### Prompt
Here is a listing, set out below; repeat its lines from the one with "For example, in Prinergy" to the last, both included, and leave out the pictures.
Data for this exercise Block Start
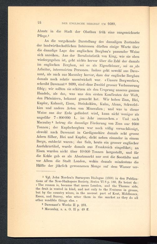 An die vorgehende Darstellung des damaligen Zustandesder landwirtschaftlichen Interessen dürften einige Worte überdie damalige Lage des englischen Bergbau’s passender Weisesich anreihen. Aus der Berufsstatistik von King, wie sie obenwiedergegeben ist, geht nichts hervor über die Zahl der damalsim englischen Bergbau, sei es als Eigentümer, sei es alsArbeiter, int.eressirten Personen. Indess gehl sowohl aus Dave-nant, als auch aus Macaulay hervor, dass der englische Bergbaudamals noch relativ unentwickelt war. «Unsere Bergwerke»,schreibt Davenant 2 1699, sind ohne Zweifel grosser Verbesserungfähig; wir sollten sie schätzen als den Ursprung unseres ganzenHandels, als das, was uns den ersten Kaufleuten der Welt,den Phöniziern, bekannt gemacht hat. Wir haben Zinn, Blei,Kupfer, Kalamit, Eisen, Steinkohlen, Kulm, Alaun, Schwefel-kies und andere Arten von Mineralien; und was in dieserWeise aus der Erde gefördert wird, kann nicht weniger alsungefähr 7-800000 L. im Jahr ausmachen.» Und nachMacaulay 3 betrug die damalige Förderung von Zinn nur 1600Tonnen; der Kupferbergbau war noch völlig vernachlässigt,obwohl nach Davenant in Cardiganshire damals acht grosseAdern Silber, Blei und Kupfer, dicht neben einander in einemBerge, entdeckt waren; das Salz, heute ein grosser englischerAusfuhrartikel, wurde damals aus Frankreich eingeführt; anEisen wurden nicht über 10 000 Tonnen hergestellt, und fürdie Kohle gab es als Absatzmarkt nur erst die Seestädte undvor Allem die Stadt London, wohin damals mindestens dieHälfte der jährlich gewonnenen Menge auf dem Wasser ver-
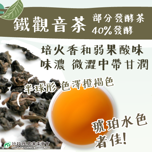 鐵觀音這個名字,其實是來自一種茶樹的品種。因為這種茶樹適合製作烏龍茶,所以茶也叫做鐵觀音。在台灣,鐵觀音指的是用特定的方式製作的烏龍茶,雖然原料不一定非得是鐵觀音品種的茶葉。這種茶通常的發酵程度在40%到50%之間,所以它是一種半發酵茶。
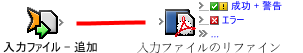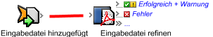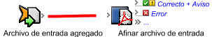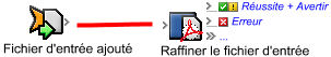 For example, in Prinergy Actions > Input File Actions, drag Refine Input File to the Action icon. The new action replaces the placeholder icon. The connector is still red, which indicates that the rule needs more information before it will work (a required parameter is not set). For example, in the Refine Input File action, you must identify which process template it uses to refine the input files.
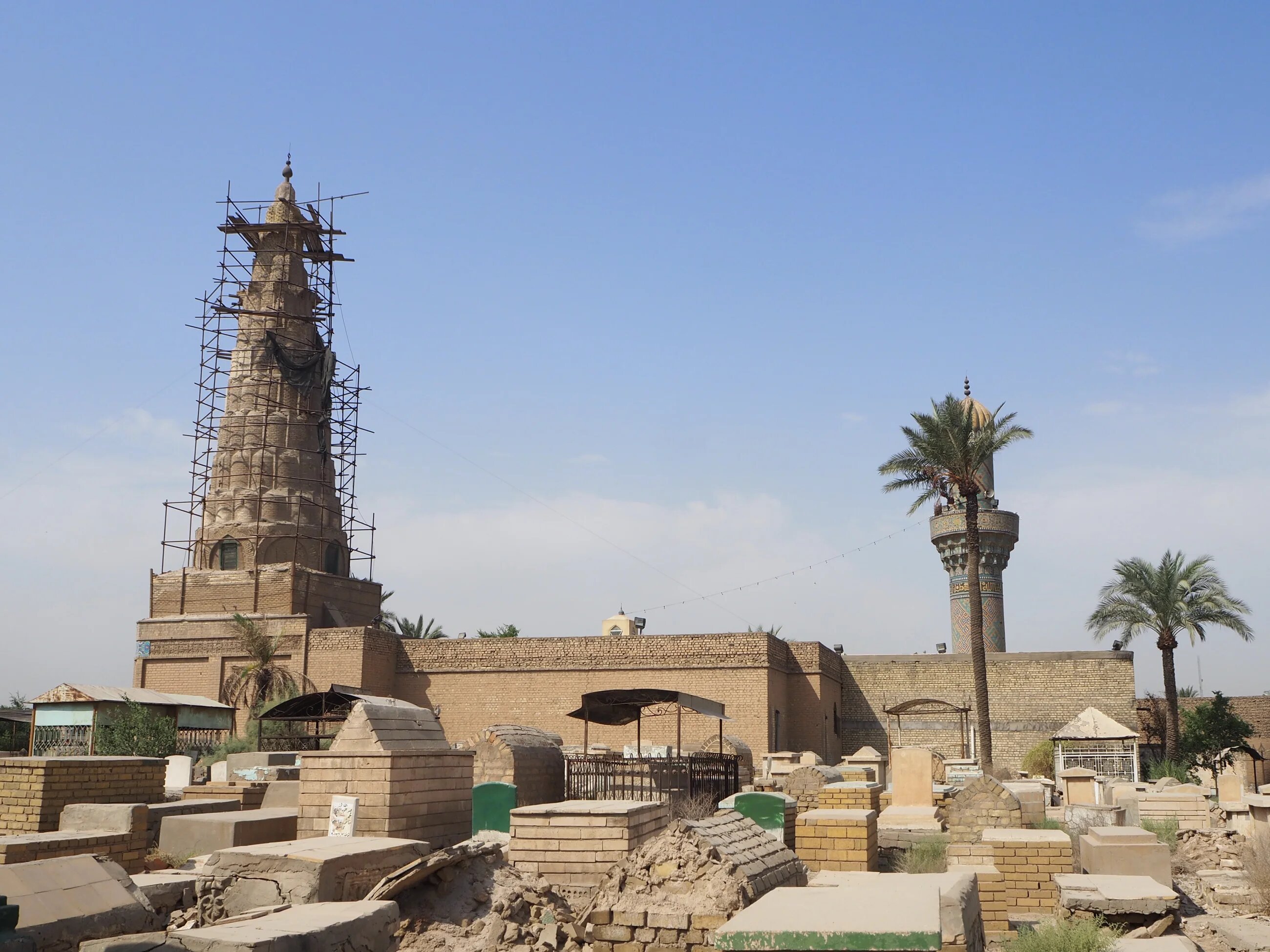 Across the city, nestled among date palms and Baghdad’s ancient city walls, is another key historic site, which is now surrounded by scaffolding. The mausoleum of Shihab al-Din Abu Hafs Umar Suhrawardi is one of the oldest in the city. The shrine has fallen victim to the corruption which was rife following the invasion of Iraq in 2003. The equivalent of $1m earmarked to repair the leaning tower was allegedly all spent after a few months’ work, which included erecting scaffolding and knocking a hole in the side of the tower to inject a product to prevent further leaning. “They worked for two or three months and then left, but you could demolish this and rebuild it from scratch for $1m,” the mosque’s Imam, Kamal Abd al-Mutalib Hashem, told Middle East Eye. “They came to make the tower straight, but they made a hole in it. This is not construction but destruction.”
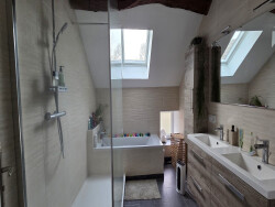 Etage : Une mezzanine servant de bureau, trois chambres et une salle de bain/ douche avec wc.
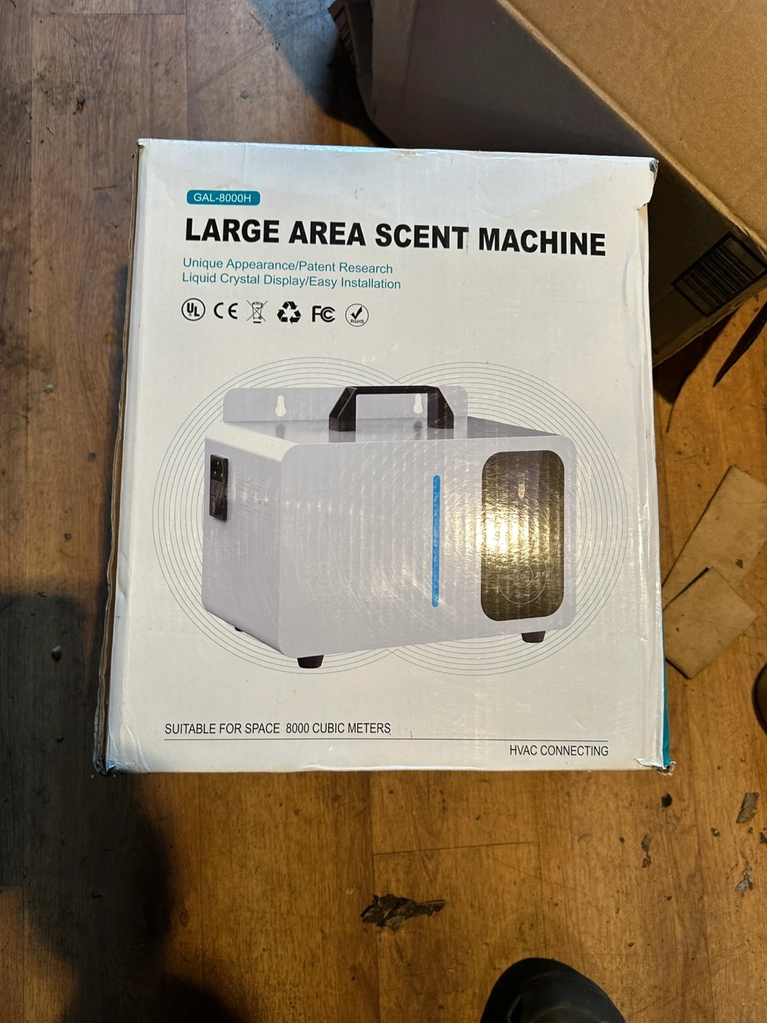 Selling a GAL-8000H large area scent machine. It's designed for spaces up to 8000 cubic meters and connects to HVAC systems. It has a unique appearance with a liquid crystal display and easy installation. Comes with the user manual
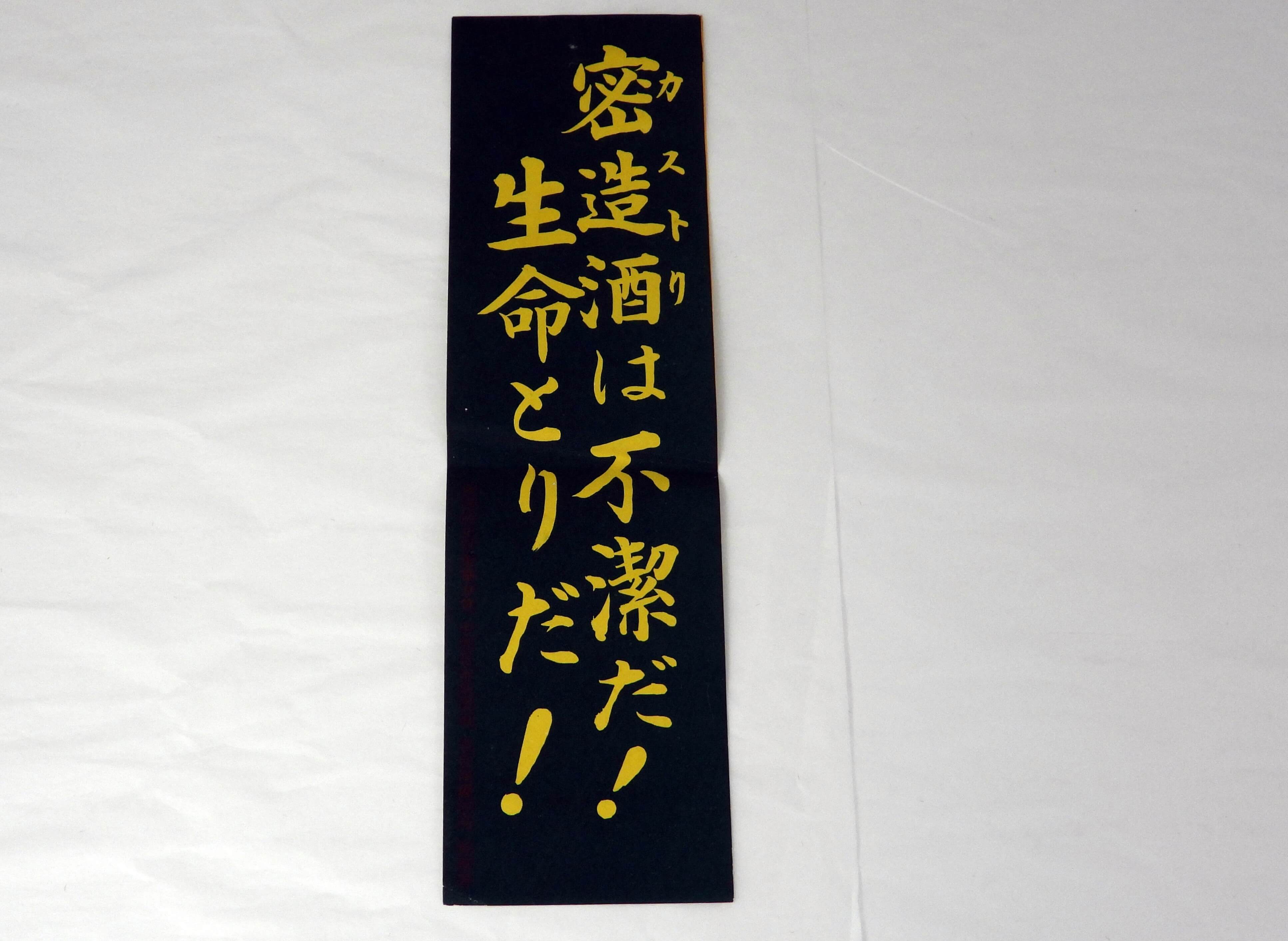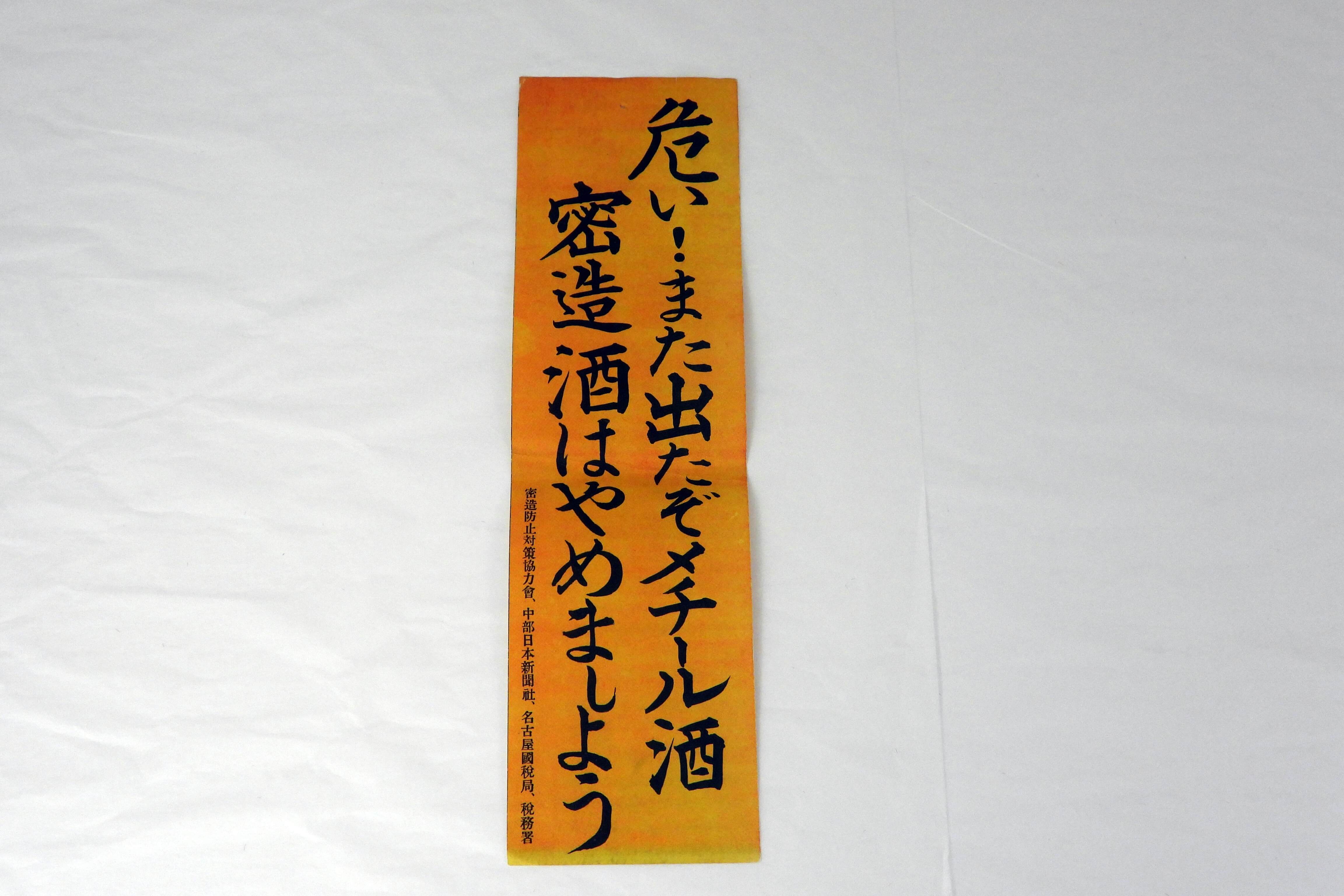 密造酒の取締りと並行して、税務署や酒造組合などが中心となって、密造酒防止の活動も盛んに行われました。戦後、人体に有害なメチルアルコールを用いたメチール酒が、闇市などで売られ死亡者も出ていました。
Data for this exercise Block End
### Exercise result
 For example, in Prinergy Actions > Input File Actions, drag Refine Input File to the Action icon. The new action replaces the placeholder icon. The connector is still red, which indicates that the rule needs more information before it will work (a required parameter is not set). For example, in the Refine Input File action, you must identify which process template it uses to refine the input files.
 Across the city, nestled among date palms and Baghdad’s ancient city walls, is another key historic site, which is now surrounded by scaffolding. The mausoleum of Shihab al-Din Abu Hafs Umar Suhrawardi is one of the oldest in the city. The shrine has fallen victim to the corruption which was rife following the invasion of Iraq in 2003. The equivalent of $1m earmarked to repair the leaning tower was allegedly all spent after a few months’ work, which included erecting scaffolding and knocking a hole in the side of the tower to inject a product to prevent further leaning. “They worked for two or three months and then left, but you could demolish this and rebuild it from scratch for $1m,” the mosque’s Imam, Kamal Abd al-Mutalib Hashem, told Middle East Eye. “They came to make the tower straight, but they made a hole in it. This is not construction but destruction.”
 Etage : Une mezzanine servant de bureau, trois chambres et une salle de bain/ douche avec wc.
 Selling a GAL-8000H large area scent machine. It's designed for spaces up to 8000 cubic meters and connects to HVAC systems. It has a unique appearance with a liquid crystal display and easy installation. Comes with the user manual
 密造酒の取締りと並行して、税務署や酒造組合などが中心となって、密造酒防止の活動も盛んに行われました。戦後、人体に有害なメチルアルコールを用いたメチール酒が、闇市などで売られ死亡者も出ていました。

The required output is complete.